[[ Data to process, beginning ]]

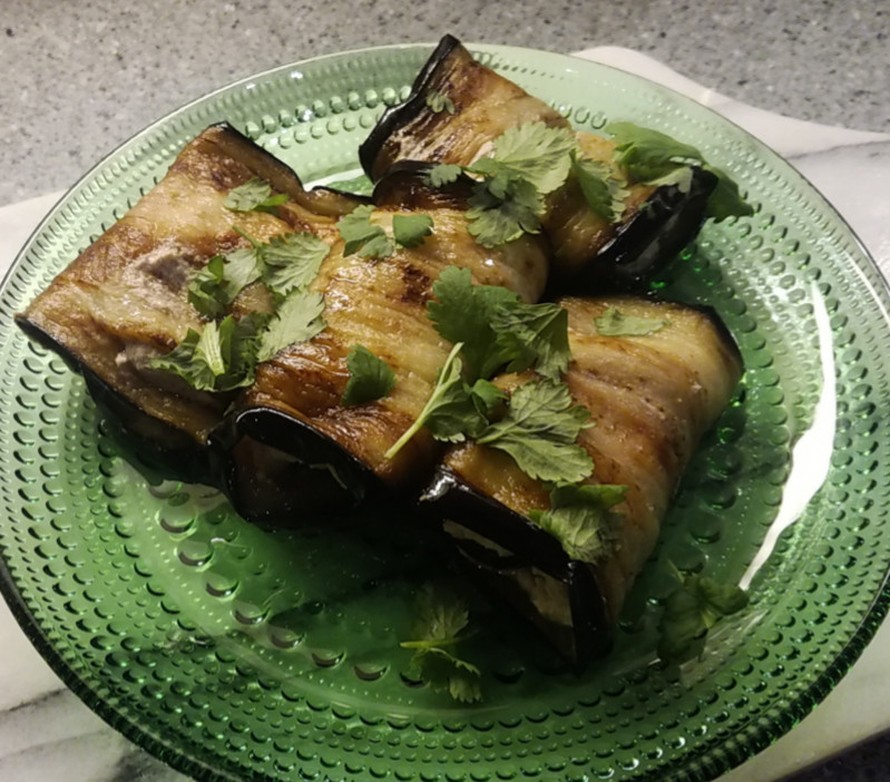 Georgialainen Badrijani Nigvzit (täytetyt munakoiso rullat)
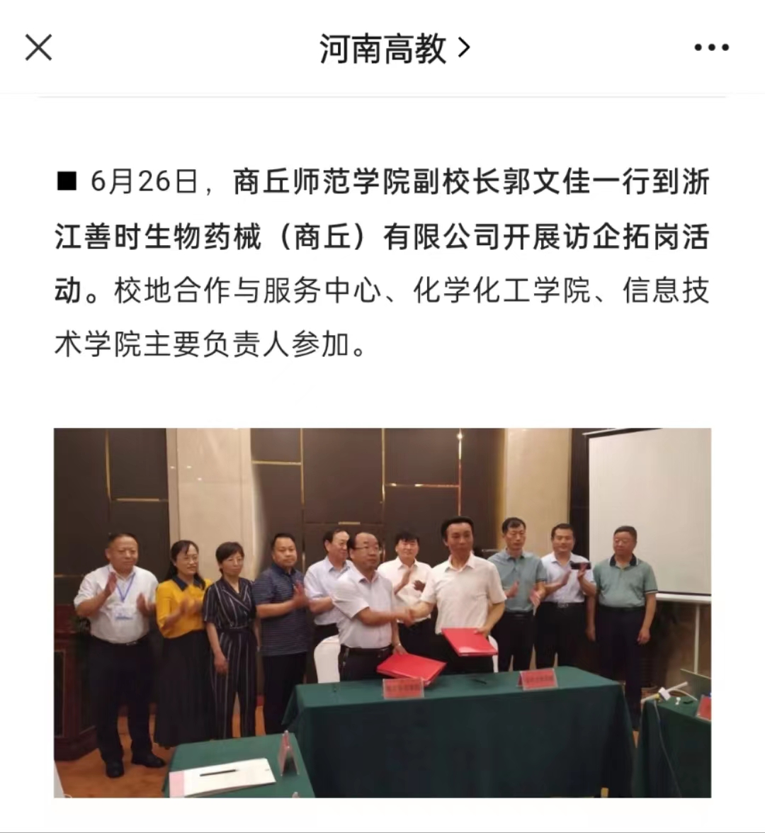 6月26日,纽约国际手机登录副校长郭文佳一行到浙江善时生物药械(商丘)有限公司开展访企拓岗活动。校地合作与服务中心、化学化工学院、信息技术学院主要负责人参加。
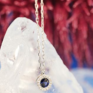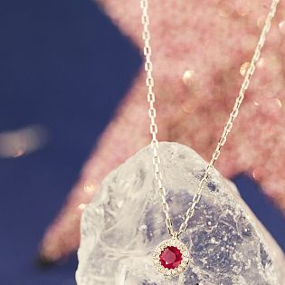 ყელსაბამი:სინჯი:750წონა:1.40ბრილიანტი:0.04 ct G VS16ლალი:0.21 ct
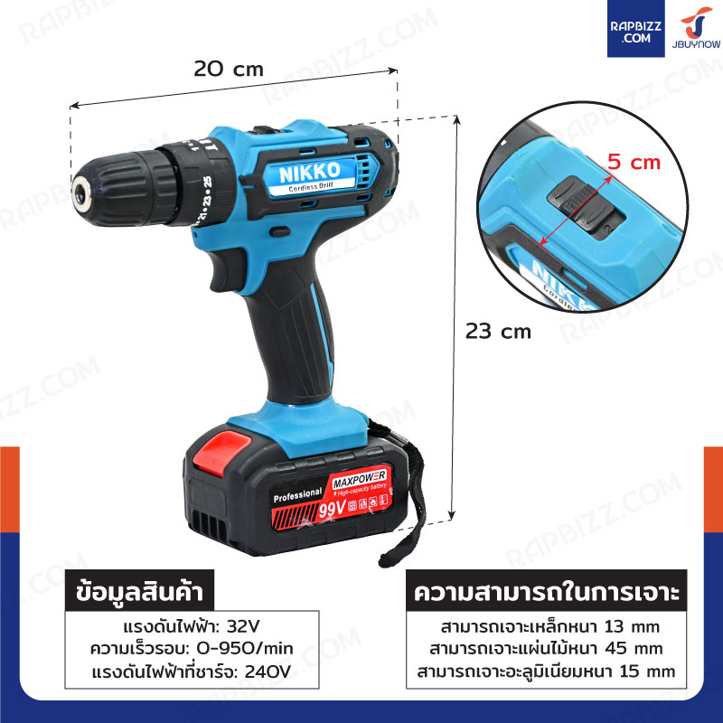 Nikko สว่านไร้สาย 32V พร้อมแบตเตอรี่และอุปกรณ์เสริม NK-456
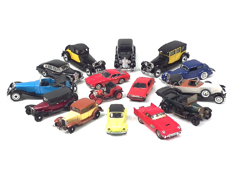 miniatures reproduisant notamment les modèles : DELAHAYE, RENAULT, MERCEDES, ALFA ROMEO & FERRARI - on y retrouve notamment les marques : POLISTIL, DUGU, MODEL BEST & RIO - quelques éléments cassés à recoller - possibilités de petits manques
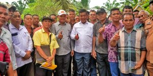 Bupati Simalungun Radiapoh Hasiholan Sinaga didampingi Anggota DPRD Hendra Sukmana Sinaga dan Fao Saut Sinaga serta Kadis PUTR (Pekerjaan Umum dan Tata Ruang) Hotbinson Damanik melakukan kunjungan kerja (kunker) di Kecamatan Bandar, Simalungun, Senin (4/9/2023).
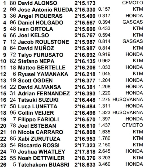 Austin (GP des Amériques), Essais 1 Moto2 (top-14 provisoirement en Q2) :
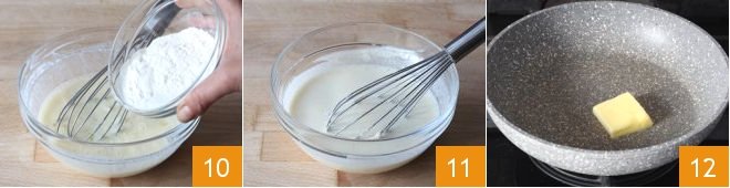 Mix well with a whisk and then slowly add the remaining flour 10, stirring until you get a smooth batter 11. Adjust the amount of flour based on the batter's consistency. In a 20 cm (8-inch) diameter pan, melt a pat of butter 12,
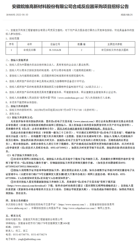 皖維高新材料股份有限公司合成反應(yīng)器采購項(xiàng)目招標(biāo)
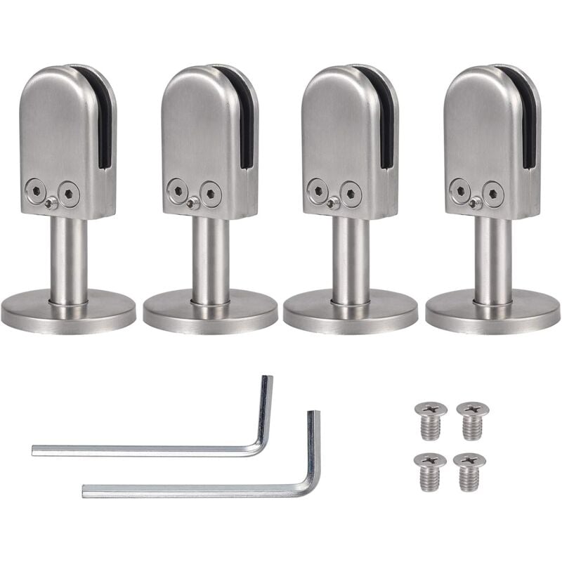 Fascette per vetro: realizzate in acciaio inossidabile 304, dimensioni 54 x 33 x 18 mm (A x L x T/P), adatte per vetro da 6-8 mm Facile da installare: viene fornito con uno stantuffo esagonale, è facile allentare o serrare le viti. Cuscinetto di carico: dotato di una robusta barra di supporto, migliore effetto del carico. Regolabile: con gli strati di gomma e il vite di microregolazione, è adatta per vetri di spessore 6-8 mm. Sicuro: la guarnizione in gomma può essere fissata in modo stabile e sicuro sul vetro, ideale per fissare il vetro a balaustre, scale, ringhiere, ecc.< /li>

[[ Data to process, end ]]

* Instructions for the task
Above are some records; extract exactly the lines from the one containing "ყელსაბამი:სინჯი:750წონა:1.40ბრილიანტი:0.04 ct G" through the one containing "皖維高新材料股份有限公司合成" and drop the pictures.

* Finished exercise
 ყელსაბამი:სინჯი:750წონა:1.40ბრილიანტი:0.04 ct G VS16ლალი:0.21 ct
 Nikko สว่านไร้สาย 32V พร้อมแบตเตอรี่และอุปกรณ์เสริม NK-456
 miniatures reproduisant notamment les modèles : DELAHAYE, RENAULT, MERCEDES, ALFA ROMEO & FERRARI - on y retrouve notamment les marques : POLISTIL, DUGU, MODEL BEST & RIO - quelques éléments cassés à recoller - possibilités de petits manques
 Bupati Simalungun Radiapoh Hasiholan Sinaga didampingi Anggota DPRD Hendra Sukmana Sinaga dan Fao Saut Sinaga serta Kadis PUTR (Pekerjaan Umum dan Tata Ruang) Hotbinson Damanik melakukan kunjungan kerja (kunker) di Kecamatan Bandar, Simalungun, Senin (4/9/2023).
 Austin (GP des Amériques), Essais 1 Moto2 (top-14 provisoirement en Q2) :
 Mix well with a whisk and then slowly add the remaining flour 10, stirring until you get a smooth batter 11. Adjust the amount of flour based on the batter's consistency. In a 20 cm (8-inch) diameter pan, melt a pat of butter 12,
 皖維高新材料股份有限公司合成反應(yīng)器采購項(xiàng)目招標(biāo)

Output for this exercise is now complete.